Withdrawal of diuretics

Volume expansion with albumin

If no response to the above therapies, then proceed to vasoconstrictors and albumin

Pharmacotherapy

Numerous medications have been used to treat HRS with little, if any, effect. The pharmacologic approach has shifted, however, with greater attention now focused on the role of vasoconstrictors as opposed to the initial predominant use of vasodilators. The rationale for this change is that the initial event in HRS is vasodilatation of the splanchnic circulation and the use of a vasoconstrictor may thus prevent homeostatic activation of endogenous vasoconstrictors. Promising results have been reported in small studies and case reports with agonists of vasopressin V1 receptors, such as terlipressin, which predominantly act on the splanchnic circulation.^{[25, 26, 27, 28, 29]}

In a systematic review and network meta-analysis of vasoactive treatments for HRS from 26 RCTs comprising 1,736 patients, investigators found that terlipressin increased HRS reversal compared with placebo, and it may reduce mortality.^[30]In addition, owing to the inaccessibility of terlipressin in many countries, initial norepinephrine administration may be more appropriate than an initial trial with midodrine+octreotide.^[30]
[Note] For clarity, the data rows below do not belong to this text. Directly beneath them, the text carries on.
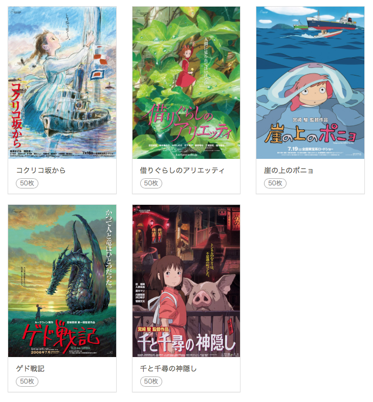 8개의 작품은 '추억의 마니, 2014', '가구야 공주 이야기, 2013', '바람이 분다, 2013', 코쿠리코 언덕에서, 2011' '마루 밑 아리에티, 2010', '벼랑 위의 포뇨, 2008', '게드전기, 2006', '센과 치히로의 행방불명, 2001'입니다. 총 400장의 이미지, 그러니까 각 작품 하나 당 50개의 이미지를 제공하고 있습니다.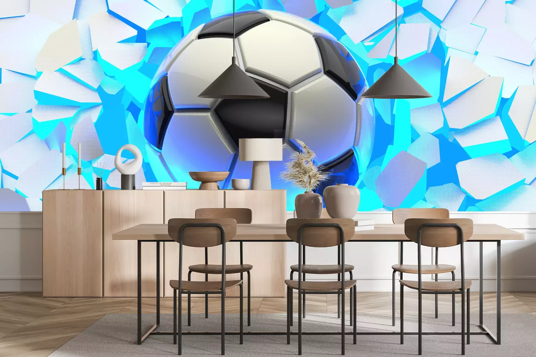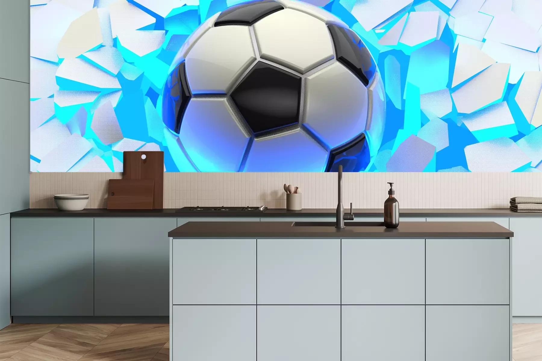 *Der Rabatt gilt nicht für Klebstoffe, Zubehör und Geschenkkarten.Die hier präsentierte Fototapete für Jungenzimmer mit Fußballmotiv ist eine hervorragende Lösung, wenn sich dein Kind für Sport interessiert. So wird die Wanddekoration nicht nur zur Ausschmückung im Raum, sondern auch zu einer Möglichkeit, die Leidenschaft des Kindes zu betonen. Besonders auffällig ist der dreidimensionale Charakter dieser Fototapete. Fußball 3D, der durch eine gebrochene Wand in den Raum zu fliegen scheint, ist ein sehr auffälliges Dekorationselement, das den Raum optisch vergrößert. Ein solches Wandmotiv lässt das Zimmer visuell in einen zusätzlichen Raum übergehen, was die Wahrnehmung der Raumgröße verändert. Ein wichtiger Aspekt sind die Farben dieser Fototapete. Fußball ist zwar im traditionellen Duo Schwarz-Weiß gehalten, aber was sofort ins Auge fällt, ist der neonblaue Schein, der den Ball umgibt. Genau dieses Element macht diese Fototapete für Jungenzimmer so ausdrucksstark. Das Muster erweckt den Eindruck, als würde es leuchten, was das Kind mit Sicherheit anspricht, da das Zimmer dadurch einen einzigartigen Look erhält. Dank der Möglichkeit, die Größe unserer Fototapete an die Wand anzupassen, die du dekorieren möchtest, kannst du problemlos sowohl ein kleines als auch ein geräumiges Kinderzimmer gestalten. Obwohl es sich nicht um eine völlig abstrakte Fototapete handelt, da sie im sportlichen Kontext verankert ist, ist die Komposition überraschend genug, um einen wirklich einzigartigen Effekt im Raum zu erzielen. Das hier dargestellte Motiv sieht sowohl im Zimmer eines kleinen Jungen als auch in einer jugendlichen Einrichtung hervorragend aus. Ein weiterer Vorteil dieser sportlichen, abstrakten Fototapete ist, dass ein fußballbegeistertes Kind nicht so schnell aus dieser Dekoration herauswächst. Ein idealer Platz für ein solches Motiv ist eine Wand in der Nähe der Spielecke oder des Schreibtischs. Einen großartigen visuellen Effekt erzielst du, wenn sich im Zimmer weitere blaue Elemente befinden. Diese passen perfekt zum neonblauen Schein der Fototapete. Fußball auf diesem Muster fügt sich dadurch noch besser in dein Raumkonzept ein.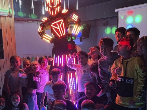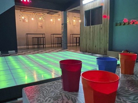 Juegos: super pegatlon - toro mecánico - metegol humano - pelotero con laberinto - plaza blanda - pantalla gigante para karaoke y just dance - pista de baile con luces audiorÃtmicas, láseres y humo.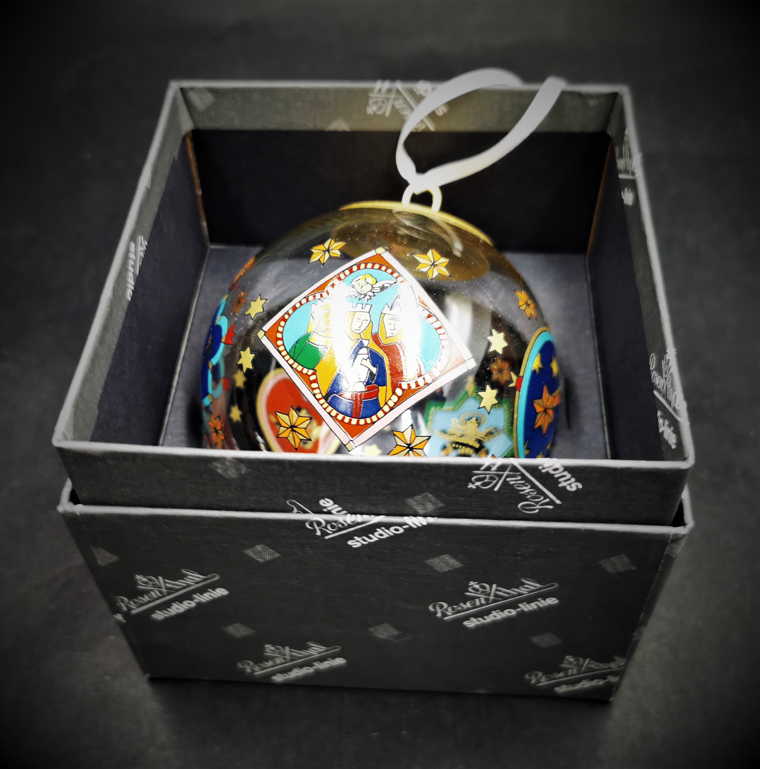 Представляємо вам унікальну різдвяну підвіску від відомої компанії Roshenthal.Ферешка виготовлена з високоякісного скла.Кольори у відтінках золота та різдвяного червоного, з помітними фігурами ангелів та трьох королів , тому ототожнюється з Різдвом. Фенечка упакована в оригінальну коробку, що дозволяє надійно зберігати її і стане вишуканим подарунком для особливої людини.Безсумнівно, це унікальний продукт, який важко знайти на антикварному ринку - фенечка, крім бренду Rosenthal. підпис, має підпис дизайнера - Sanja Zivo, яка вже багато років співпрацює з брендом у багатьох інших проектах.
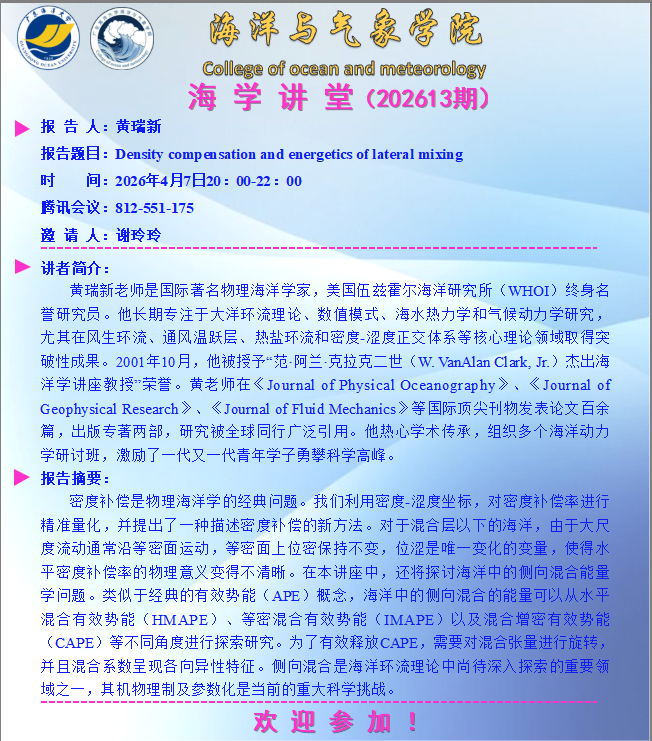 【学术会议通知】逼喱逼喱 “海学讲堂”(202613期)

In September 2022, the FDA approved terlipressin to improve kidney function in adults with hepatorenal syndrome with rapid reduction in kidney function.

Although only a few controlled trials have been conducted in this arena, the results so far are encouraging and suggest an increasing role for medical therapy, given the current shortage of the donor pool in the face of an ever-increasing demand for organs.

Dopamine

Low-dose dopamine (2-5 mcg/kg/min) is frequently prescribed to patients with renal failure in the hope that its vasodilatory properties may improve renal blood flow. Little evidence exists to support this practice; a placebo-controlled randomized trial by Bellomo and colleagues did not demonstrate any role for low-dose dopamine in early renal dysfunction.^[31]Five studies have evaluated the role of dopamine in HRS, and none have reported significant changes in renal plasma flow (RPF), the glomerular filtration rate (GFR), or urine output. These studies are limited by small sample size and the lack of a control arm. Nonetheless, they demonstrate that dopamine administration in patients with cirrhosis, with or without HRS, does not improve renal function.

Misoprostol

Misoprostol is a synthetic analogue of PG E1, whose use in HRS was based on the observation that these patients had low urinary levels of vasodilatory PGs. Five studies have assessed the role of either parenteral or oral misoprostol in HRS. None of these studies demonstrated an improvement in the GFR, sodium excretion, or renal function in four patients with HRS. Although Fevery et al demonstrated reversal of HRS in four patients, these patients also received large doses of colloids.^[32]The likely scenario is that the massive administration of fluids played a predominant role here because Gines et al were unable to reproduce these findings with misoprostol alone.^[33]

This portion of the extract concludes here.